Brunei Stops Enforcement of Death Penalty for Gay Sex

Recently, the small Southeast Asian country of Brunei has sparked global outrage. In April the country imposed punishments, including death by stoning for those convicted of gay sex, adultery and rape as a part of a new interpretation of sharia law. This caused major backlash among the international community. In response, Brunei’s leader, Sultan Hassanal Bolkiah, announced on Sunday that it would extend its moratorium, or temporary ban, on the death penalty, including the new punishments for gay sex.

It was a rare response to criticism towards the small, oil-rich nation, as this was only the latest in Brunei’s steps to integrate its interpretation of Islamic law into its common laws. Though this time the brutal punishments caught the attention of major celebrities and companies across the globe. Celebrities like Elton John, George Clooney and Ellen DeGeneres called for a boycott on all hotels around the world owned by the Sultan. As well as large companies including JPMorgan and Deutsche Bank told their staff to avoid using Brunei-owned hotels in light of new laws. Many travel companies also stopped promoting Brunei as a tourist destination.

Sultan Bolkiah made a televised statement on Sunday saying “I am aware that there are many questions and misperceptions with regard to the implementation of the SPCO (Syariah Penal Code Order)… We are conscious of the fact that misperceptions may cause apprehension,”

This is the first time he has spoken publicly about the penal code since its introduction. He also announced that Brunei would ratify the United Nations convention against torture which it signed several years ago.

Prior to these new laws, homosexuality was already illegal in Brunei and punishable by up to ten years in prison.

His statement went on to say that for decades, the small Southeast Asian nation has observed a moratorium on imposing the death penalty under its common law and that this will now cover cases brought under Brunei’s Islamic laws. According to the United Nations the last known execution in Brunei was carried out in 1957.

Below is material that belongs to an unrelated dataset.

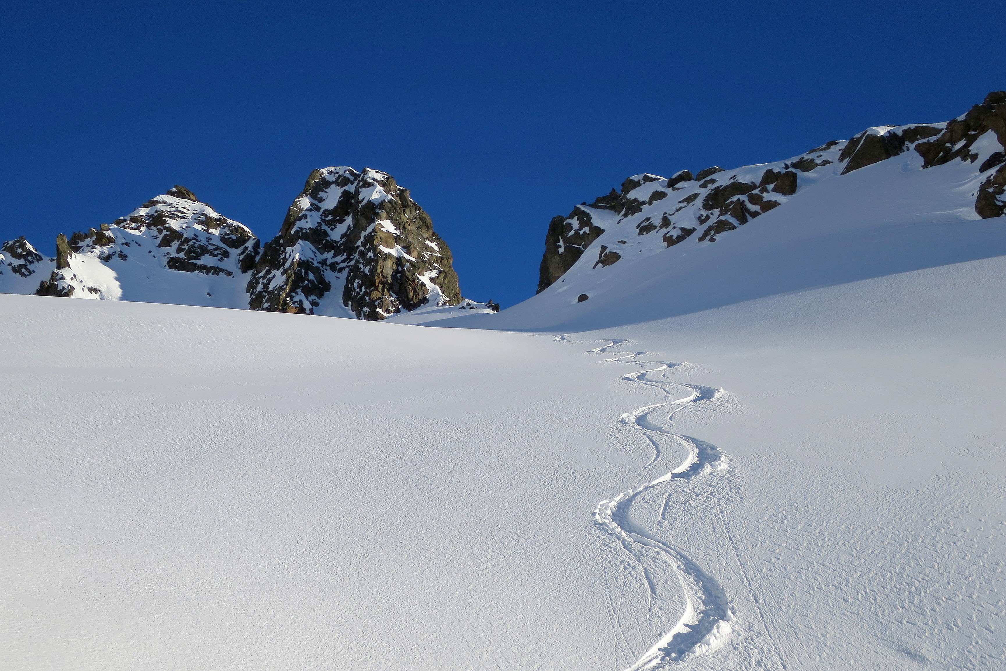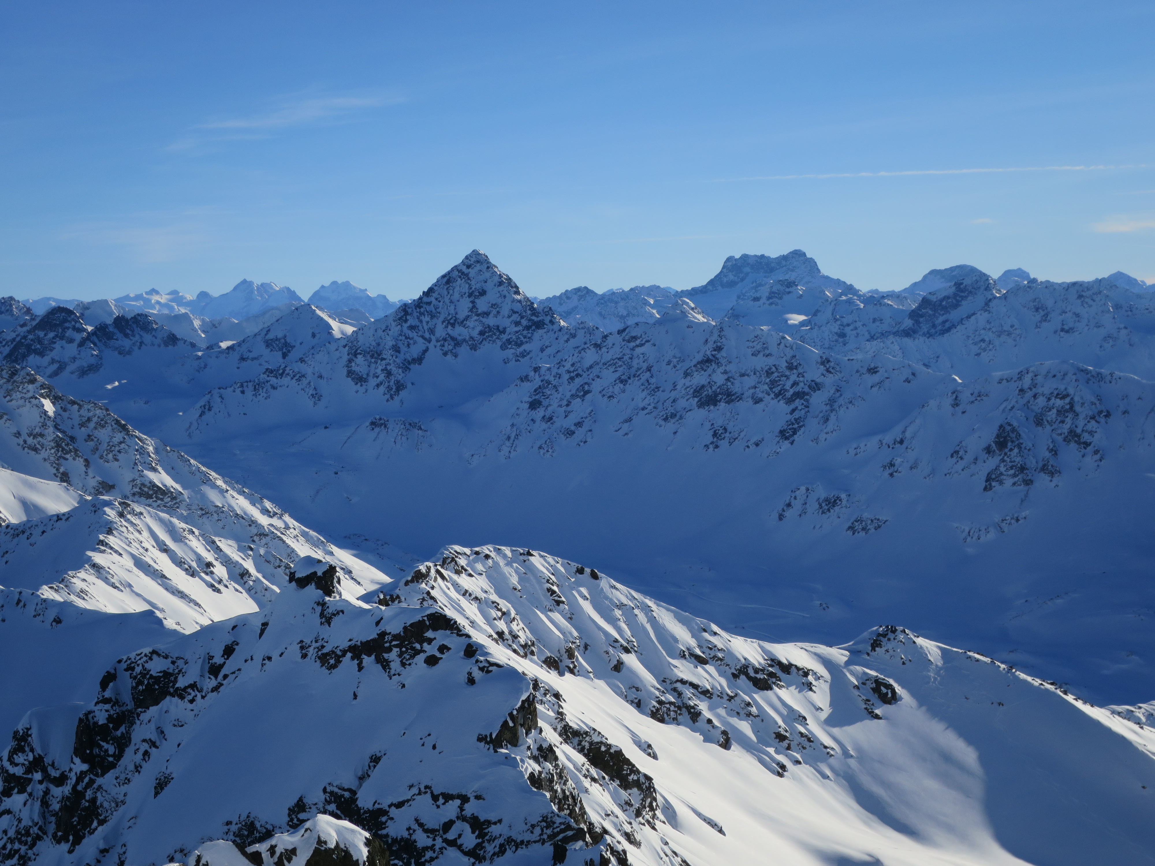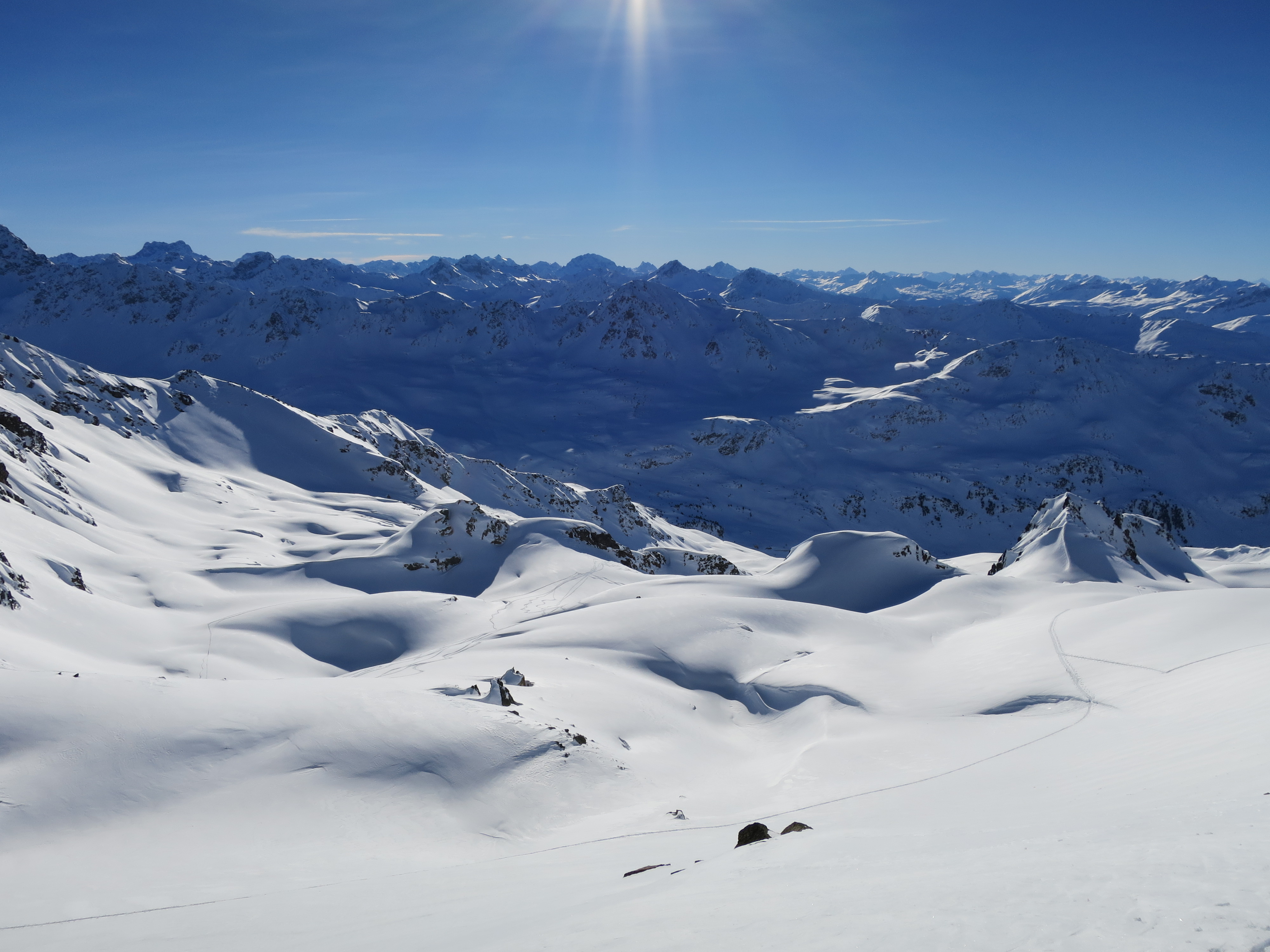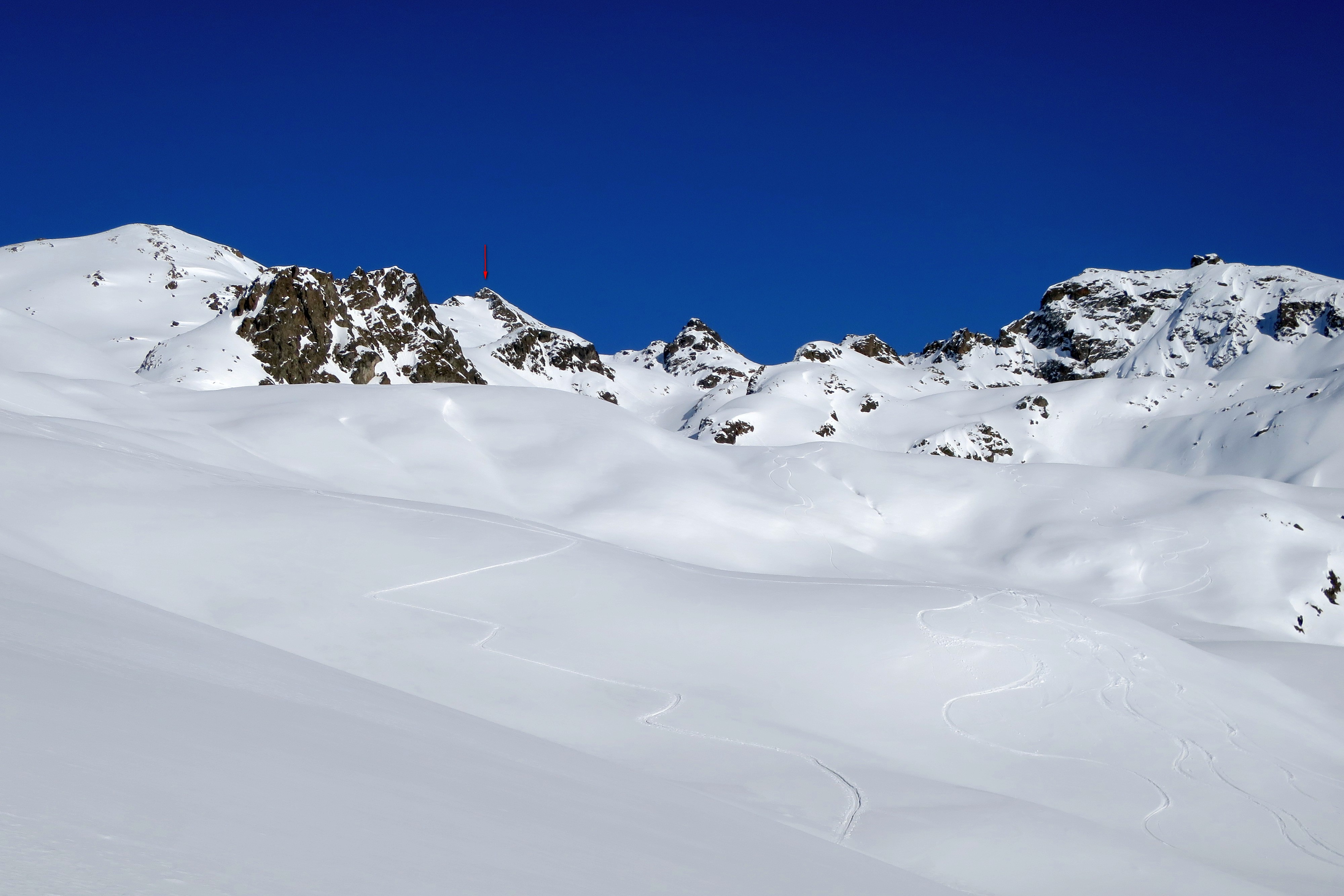 Isentällispitz is a few meter higher than the popular Pischa Horn. The tour start from Tschuggen (end of the Flüela Pass road during winter). One zig-zags up the steep Southwest slopes. Above 2200m the terrain gets less steep and its an easy climb to the saddle between Gorihorn and Isentällispitz. Follow route 555 on https://map.geo.admin.ch.

While this is a step in the right direction, many activists feel it is not enough. There are still many injustices that people of Brunei’s LGBTQ community face. Matthew Woolfe, the founder of human rights group, The Brunei Project said that even if they aren’t put to death, LGBTQ citizens of Brunei could still face fines, whipping or jail. “There is nothing stopping the Brunei Government from lifting the moratorium at any time,” said Woofle.

And in a statement for CNN, a gay man living inside Brunei, who was asked not to be named, said while the sultan’s announcement was “good news,” it did nothing to address widespread homophobia and discrimination in the kingdom.

“If they don’t do anything to show that they are supporting the LGBT community, nothing will change. Religion still has a major effect towards homophobia,” he said.

It is important to see the victory in this though. The international community made its voice heard and showed that changes can be made if people ban together to stop unjust policies and laws.